Is this “high tech brainwashing” morally different from the low tech, harsh methods used in some Madrassas to instill fanaticism?

At what level of total war, does the forced “conversion” of the enemy become acceptable?

What is a person? We are the product of biology and environment. An accident or disease can drastically alter personality and behaviour. There may be no innate person to “protect”.

Religion, schools, and advertising agencies attempt to mold minds. Do we accept this because their methods are seen as largely ineffective? Do we accept them because we’ve grown up with them and so they are seen as normal? Do we accept them because we agree that minds can be positively molded for the greater benefit of society?

Randall Parker said at April 24, 2004 8:28 PM:

Fly, Interesting premise. Kinda like The Manchurian Candidate.

If a fanatic could be turned in such a manner and turned quickly that would provide an incredibly powerful way to infiltrate terrorist networks. But if motivation could be changed so easily then interrogation alone would much more and much more accurate and very quickly too.

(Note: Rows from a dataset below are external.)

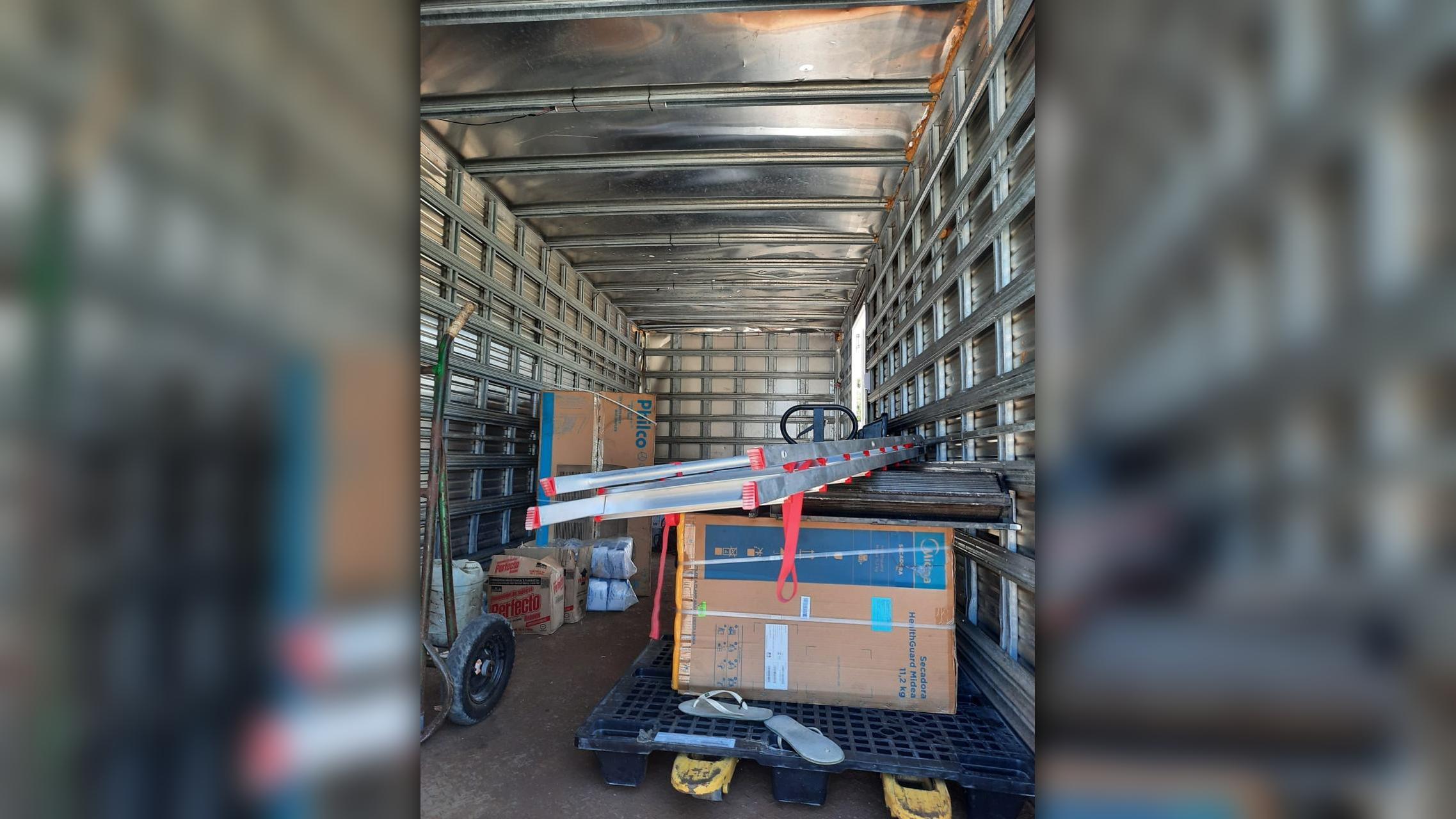 Imediatamente, as equipes foram para o endereço indicado e encontraram dentro do imóvel cerca de 40 pilhas AA, aproximadamente 16 quilos de sabão em pó, 10 lâmpadas, 10 galões de removedor, quatro latas de tinta spray, três pacotes de sabão em pedra, dois refletores, dois fardos de papel toalha, uma secadora, um micro-ondas, uma televisão nova na caixa, um disjuntor, um jogo de chaves tipo catraca, um soprador profissional, um simulacro de arma de fogo e duas munições.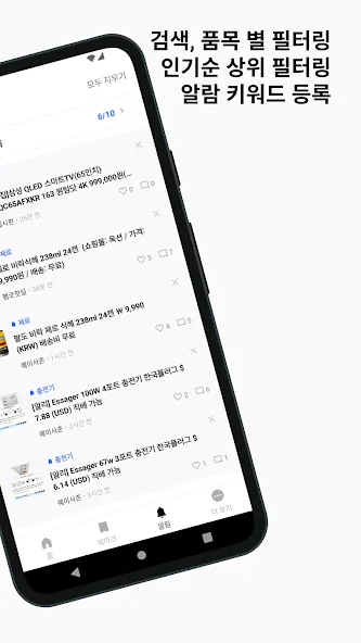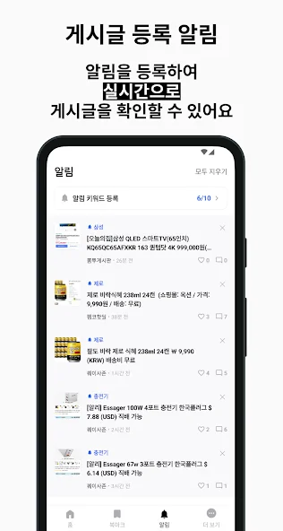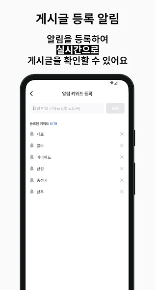 # 알림 키워드를 추가하여 실시간으로 등록되는 새 할인 게시글을 알람으로 받아보세요.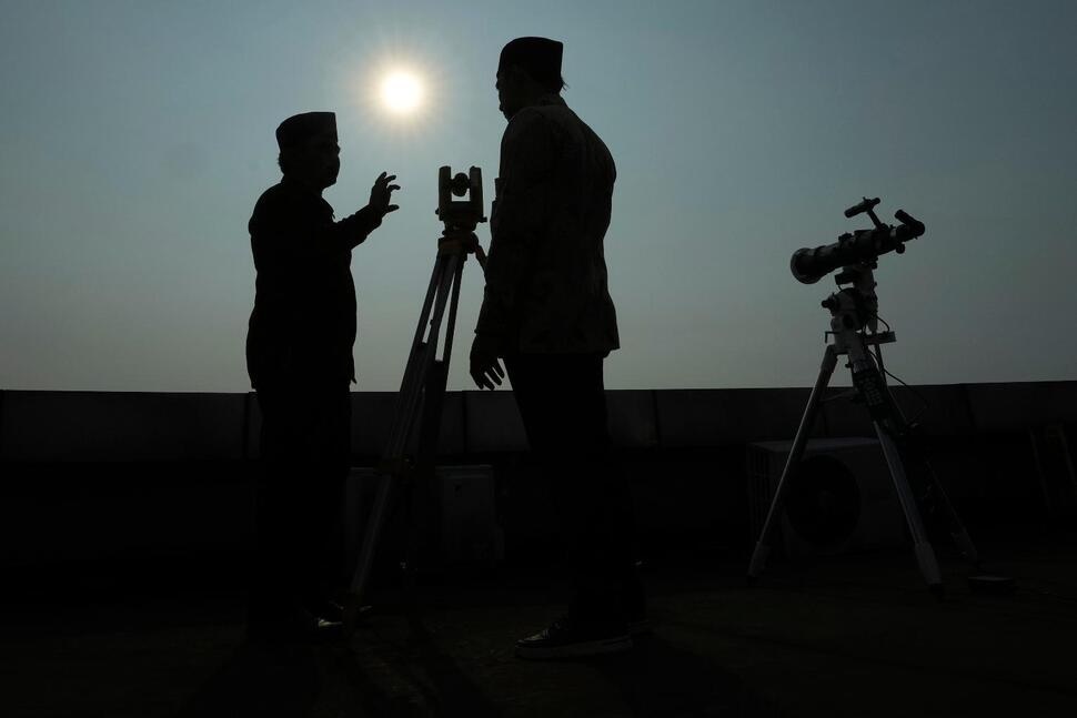 FILE - Officials are silhouetted as they use a telescope to scan the horizon for a crescent moon that will determine the beginning of the holy fasting month of Ramadan in Jakarta, Indonesia, Wednesday, March. 22, 2023. (AP Photo/Achmad Ibrahim, File)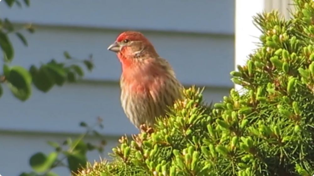 它们是非常常见的庭院鸟类,尤其在郊区,经常出没于喂食器旁。以下是区分它与外形相似的家朱雀和紫红朱雀的几个方法: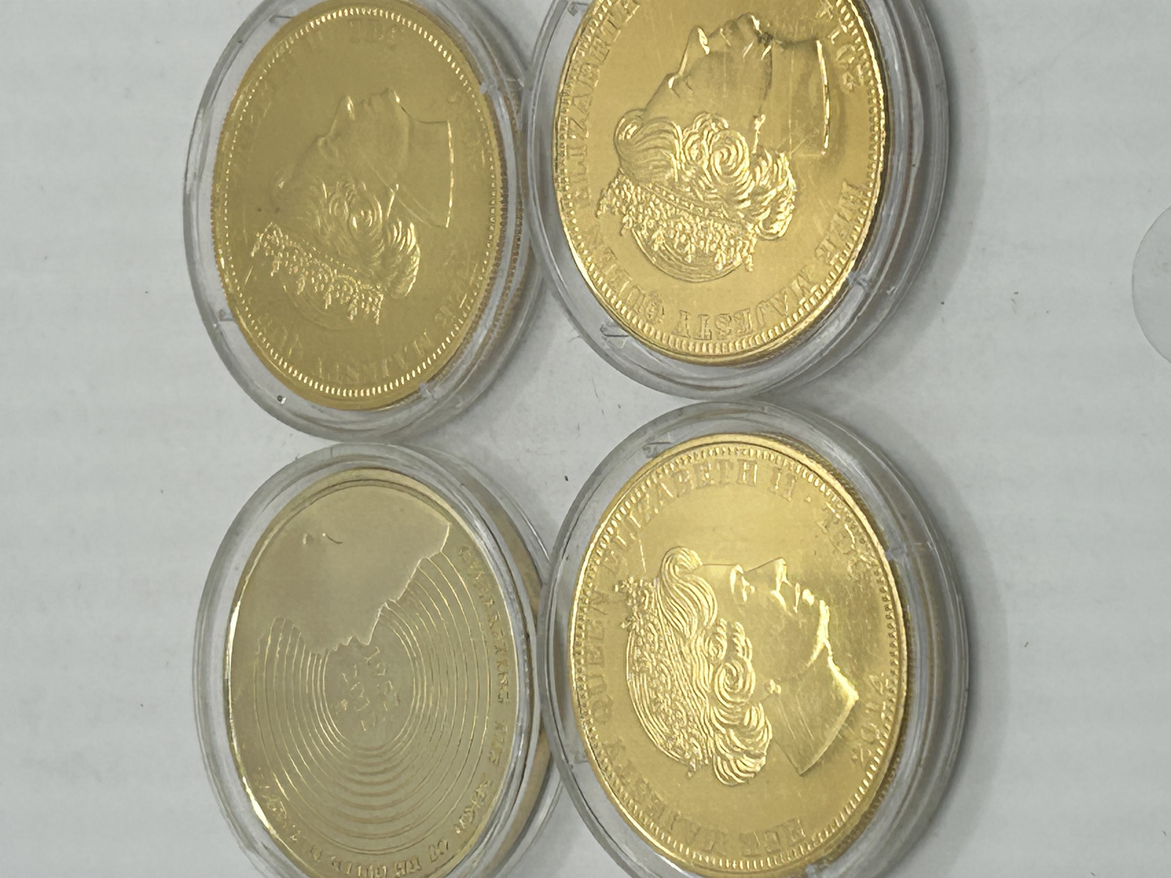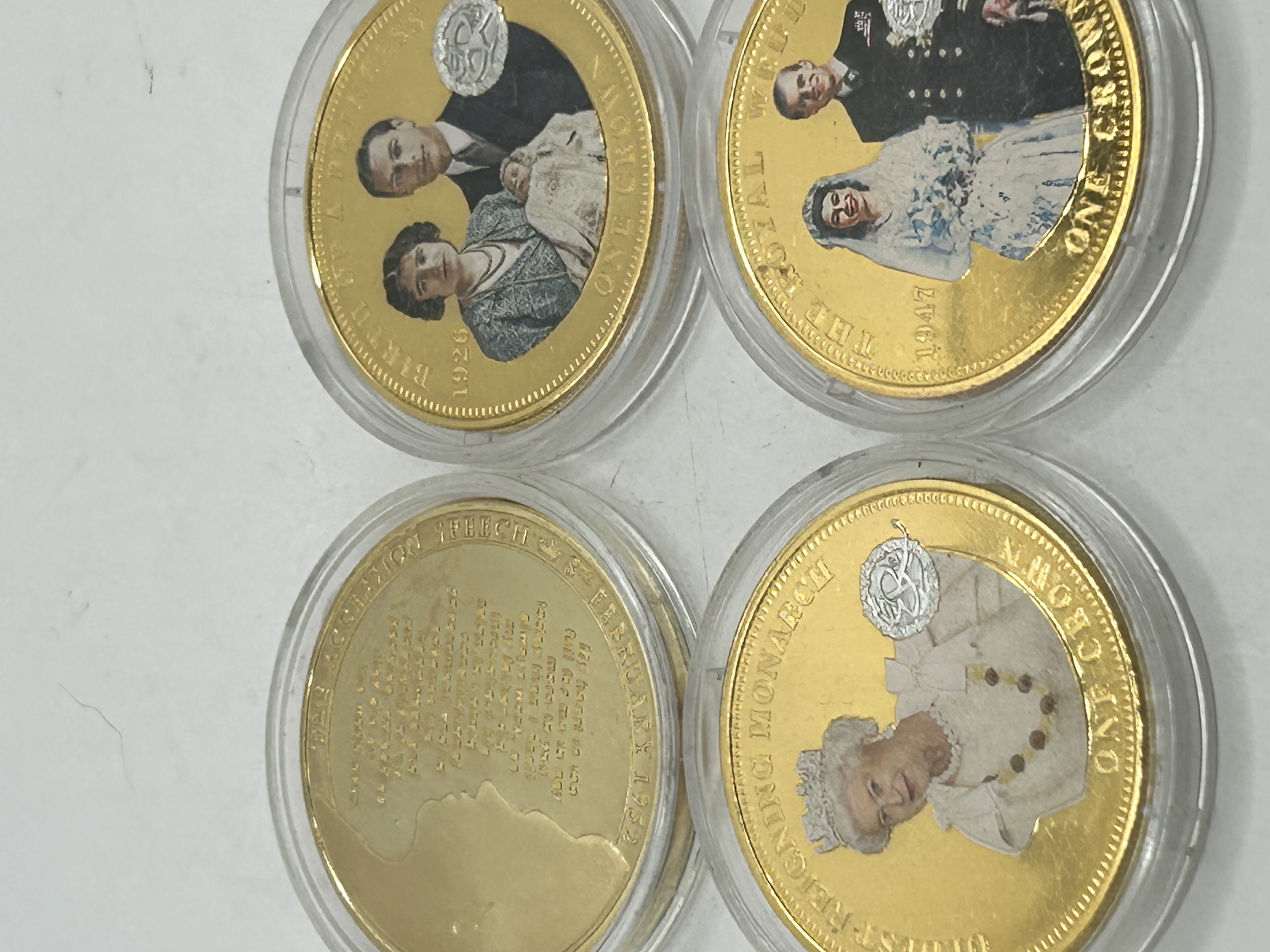 A collection of 24K gold-plated commemorative One Crown coins, attributed to the Bradford Exchange. Each piece features a colorized photographic image on the reverse celebrating milestones in the life of Queen Elizabeth II, including her birth in 1926, her wedding in 1947, and her status as the longest-reigning monarch. One coin commemorates the accession in 1952 with a text-based design. The obverses depict the effigy of Her Majesty Queen Elizabeth II with the inscription Tristan da Cunha and the date 2015. Each coin is housed in an individual clear plastic protective capsule.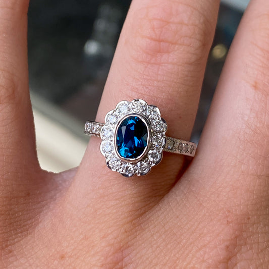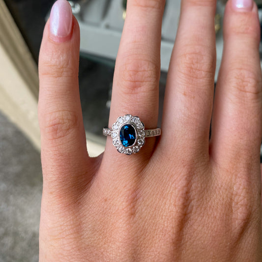 9ct Gold Oval Sapphire & Diamond Garland Ring
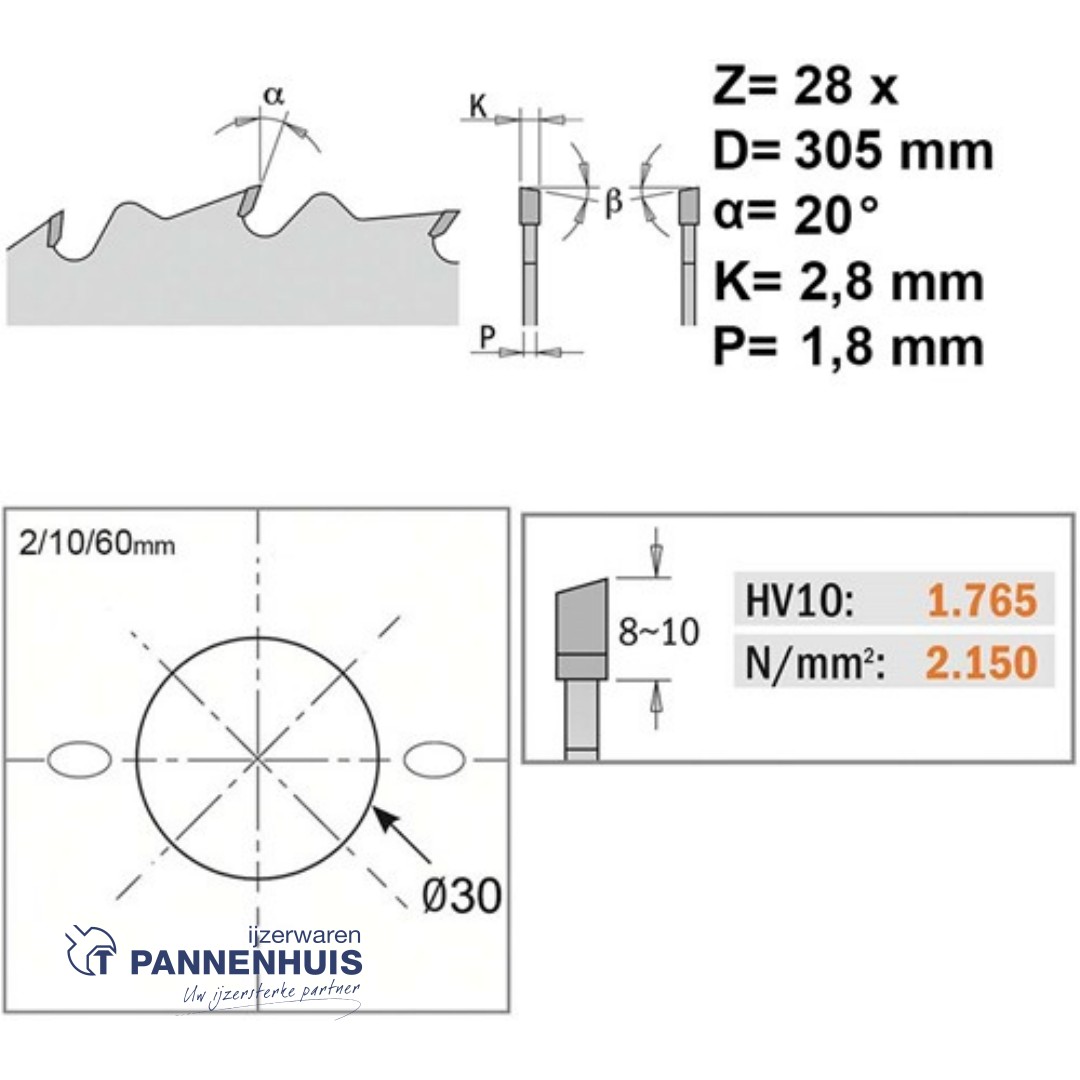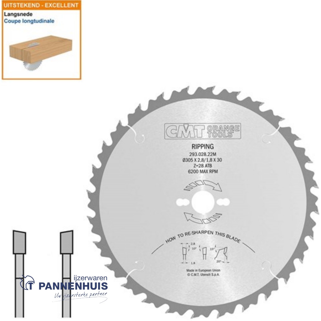 CMT Schulpcirkelzaag HW 305x30x2,8 Z28 Massieve houtsoorten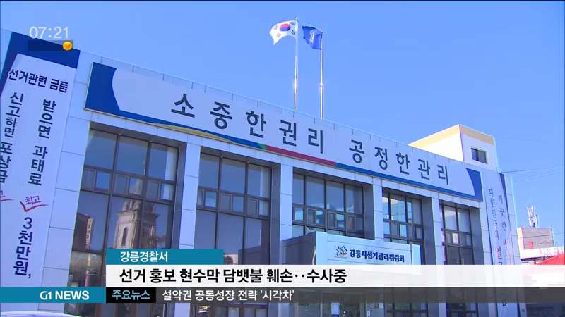 또 강릉시 교동 화부산 교차로에 걸렸있던 강릉 선거구 특정 후보자의 선거 홍보 현수막이 담뱃불에 훼손된 채 발견돼 경찰이 수사중입니다.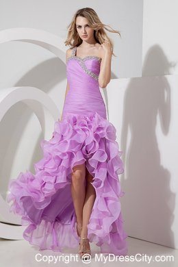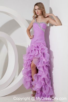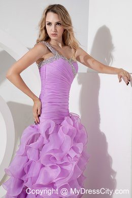 If you`d like to stand out in a chic way, try this one shoulder strap dress on! Cause it exudes exceptional grace and allure by slipping into this stylish! Its boldly ruffled single shoulder strap injects a touch of asymmetry. The sweetheart neckline is bordered by twinkling embellishments and bedecked with amazing ruchings. Breathtaking ruffles run along the high-low skirt and produce a sweep train.These ruffles move effortlessly with the wearer completing the sense of fantasy that is prevalent in this amazing style.

Possibly technology could be developed to detect mental tampering aimed at changing motivation. If motivation-changing technology existed then would the US would gain more than lose more from the existence of this technology? On the one hand, the US would be better positioned with resources to administer tests to detect changes in motivation. On the other hand, the US has more people in key positions working against the terrorists (or even just in positions that could be used against us by "turned" people) than the terrorists have working against the US. So the US has more people who can be turned against it and therefore a much bigger task of defending against people who are reprogrammed to be traitors.

Your question about religion, schools and advertising is excellent as well. The early results with brain scans and advertising suggest that advertising really is effective. There was one study (forget if I blogged on it) about how people got more pleasure drinking Coca Cola when they knew it was Coca Cola. Makes sense. The ads have built up all sorts of positive associations between drinking Coke and all sorts of other things. Knowledge that it is Coke triggers all sorts of pleasurable associations.

My guess is that as the effects of advertising become more precisely measured that there will be more resistance to exposure to ads. Look at my recent post about food and brain stimulation for example. An argument can be made that exposure to food is really a health problem given our evolutionary history.

Is noticing reality supporting the terrorists? said at August 28, 2007 10:43 AM:

"Brain fingerprinting" has flaws big enough to drive a truck through.

This so-called "brain fingerprinting" relies on whether a person has been exposed to particular data or stimuli before.

If someone wants to induce a "false positive" result, all they have to do is expose the testee to the data/stimuli before the test. Then at the test, the testee will test "positive" when RE-exposed to the data/stimuli.

This could be exploited by people ranging from corrupt cops holding a prisoner before testing, to murderers who might send you pictures of their crime's crime scene.

Why don't the journalists covering this ever seem to notice this?

"Brain fingerprinting" is a great bullshit self-promoting name, though.